La periodista Gail Collins pidió a Hillary Clinton el martes por la noche que imaginara poder escoger una persona del pasado para decirle lo que había sucedido: por primera vez uno de los dos grandes partidos había escogido a una mujer para optar a la Casa Blanca.
Collins imaginaba cómo sería decírselo a Susan B. Anthony en 1872 mientras la esposaban por haber cometido el crimen de votar o cómo sería anunciarlo en la convención por los derechos de las mujeres en Seneca Falls en 1848. Pero Clinton contestó que le gustaría volver al pasado para contárselo a una mujer menos conocida: su madre, Dorothy Rodham, que murió en 2011.
Dorothy nació en Chicago el 4 de junio de 1919, el día que el Congreso aprobó la enmienda a la Constitución para que pudieran votar las mujeres, pero como muchas de su época tuvo una vida difícil de privaciones y sumisión. Sus padres la abandonaron. Con ocho años cruzó el país con una hermana más pequeña para vivir con unos abuelos que las cuidaron poco. Sobrevivió trabajando como niñera y asistenta, sufrió el no haber podido ir a la universidad y se casó con un hombre arisco.
“Ella era mi roca”, dijo Hillary Clinton en Brooklyn al proclamar su victoria en las primarias demócratas. Fue el único momento en el que se le quebró un poco la voz y tuvo que tragar saliva. La candidata hablaba despacio, estaba seria y hacía pausas tranquilas.
Estados Unidos, como España, ha superado siglos de discriminación y las mujeres de 2016 tienen una situación que hubieran envidiado las mujeres de su pasado. La persecución, el analfabetismo o el arrinconamiento social son lacras lejanas para la experiencia de millones. Pero la victoria de Hillary Clinton, probablemente la próxima presidenta del país más rico y poderoso del mundo, es un empujón también para sociedades avanzadas y aparentemente igualitarias donde perviven los restos del machismo histórico.
En febrero me sorprendió cuando varios seguidores de Bernie Sanders, incluido un joven universitario, me dijeron en Iowa que Estados Unidos no estaba preparado para una presidenta. Hace unas semanas, un seguidor español de Trump me soltó en Madrid lo inquietante que le parecía que Alemania y Estados Unidos fueran a tener a dos mujeres a la cabeza.

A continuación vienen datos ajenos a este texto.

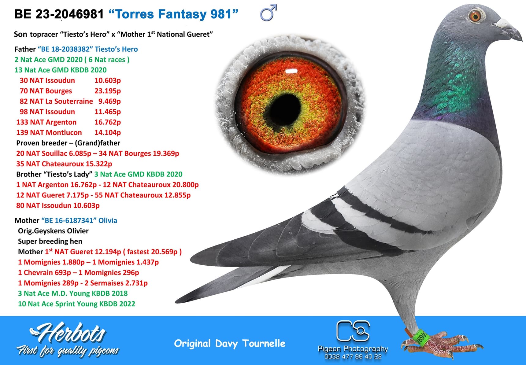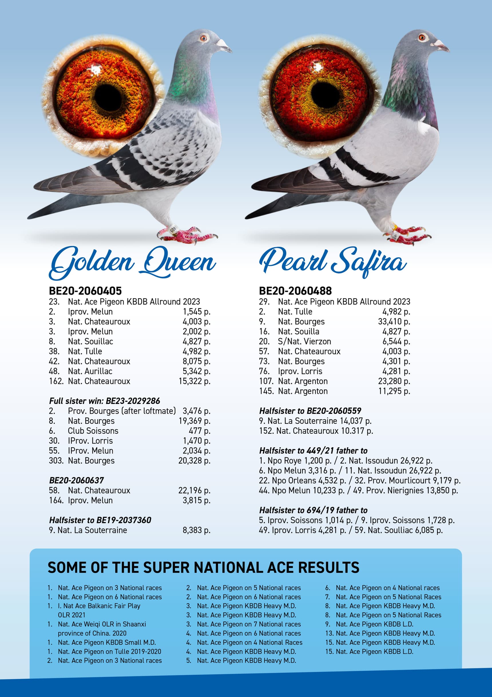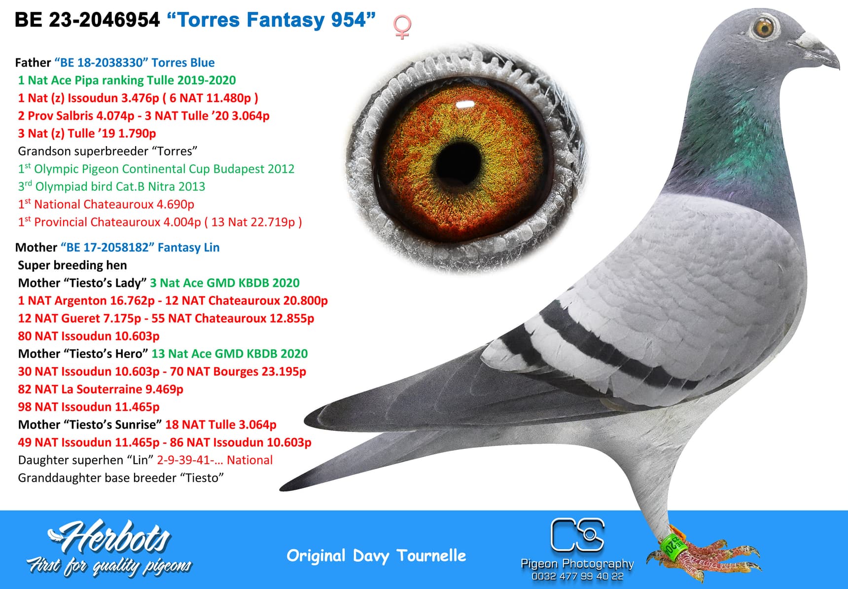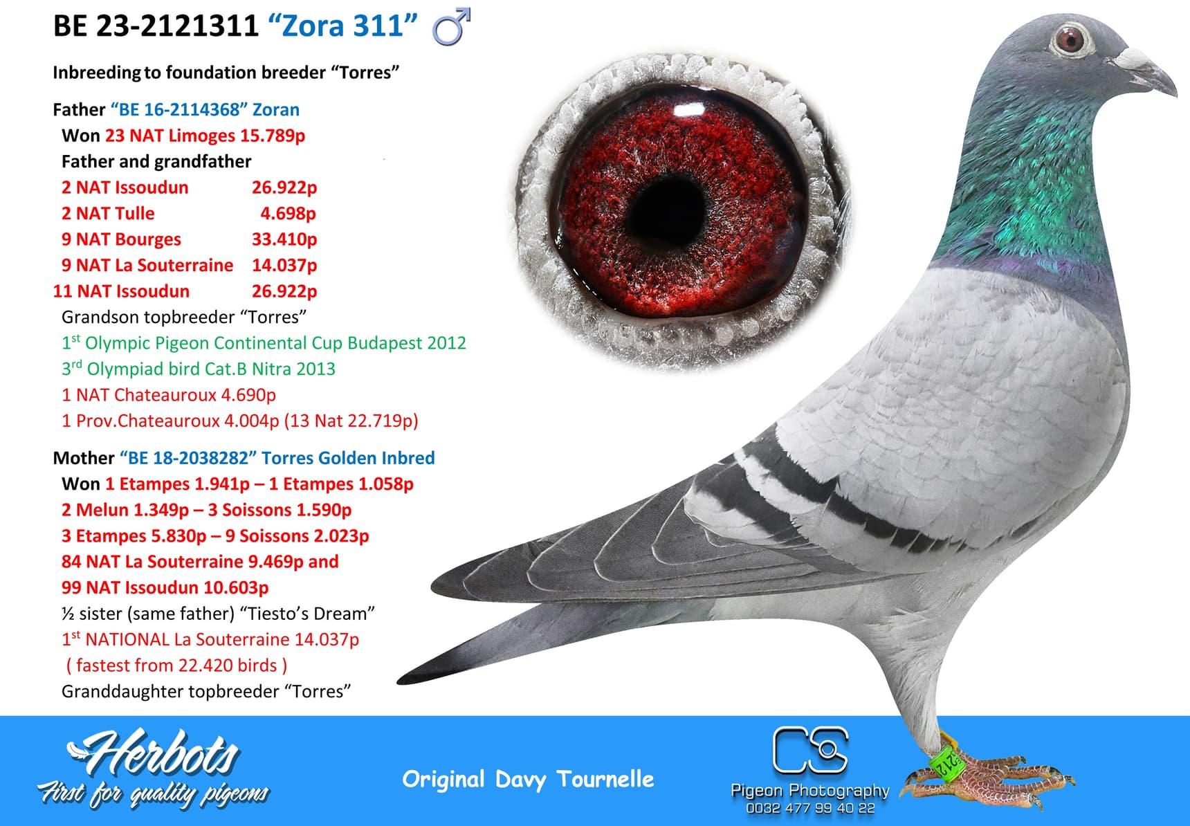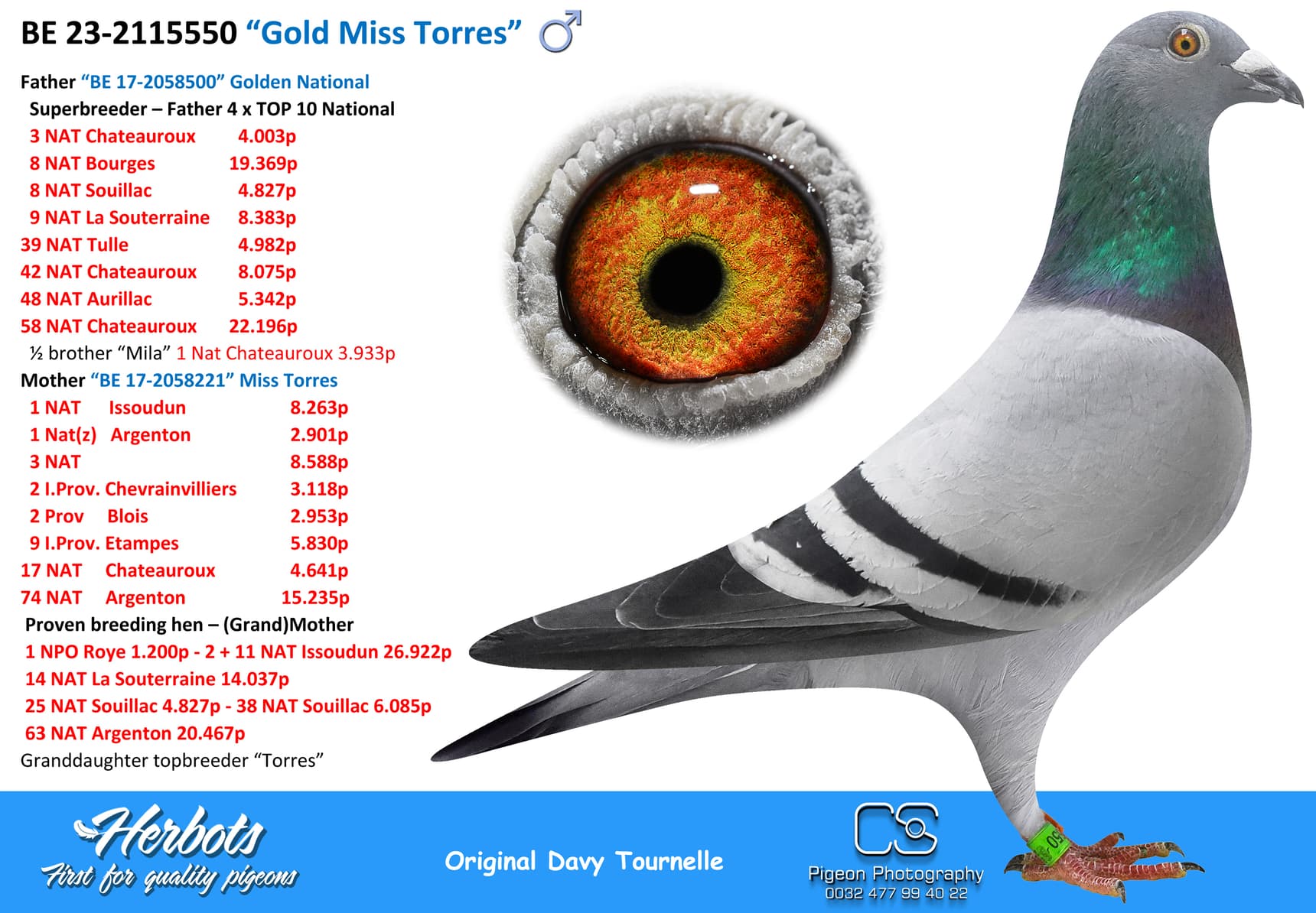 BE 17-2058221 “Miss Torres” won in her own career 1st National Issoudun 8,248p – 3rd National Argenton 8,588p – 2 I.Prov.Chevrain 3,118p – 2 Prov Blois 2,953p – 9 I.Prov.Etampes 5,830p – 17 Nat Chateauroux 4,641p – 74 Nat Argenton 15,235p

Especialmente en un país con una cultura tan machista como España la victoria de Hillary Clinton es un alivio. Para las mujeres que siguen cobrando menos por hacer el mismo trabajo, para aquéllas a las que les cuesta hacerse escuchar en las reuniones de hombres, para las que sufren a diario la condescendencia de cualquier señor por la calle. Para las que se asombran de cómo muchos colegas ni parpadean ante el machismo en la prensa y la política, para las que luchan para que se las juzgue más por lo que tienen que decir que por su aspecto. Para las que están cansadas de escuchar lecciones sobre qué tienen que hacer, para las que están hartas de ser un nicho en los debates de televisión o en las páginas de una revista. Para las que han asumido toda la responsabilidad familiar a cambio de nada. Para las Dorothys del presente y del pasado.
Hillary Clinton no es una política “natural”, como ella misma ha reconocido. No tiene el magnetismo de Obama o la capacidad de contar historias de su marido. Es un caso de cómo mucha experiencia se puede convertir en demasiada. Lleva tantos años en la élite política que es difícil verla como una inspiración. Pero es emocionante imaginarla contándole a su madre que lo ha conseguido, que ha llegado a su meta después de ocho años o toda una vida. Es emocionante imaginar a Dorothy aconsejando a Hillary lo que le decía cuando era niña: “Demuéstrales que no tienes miedo”.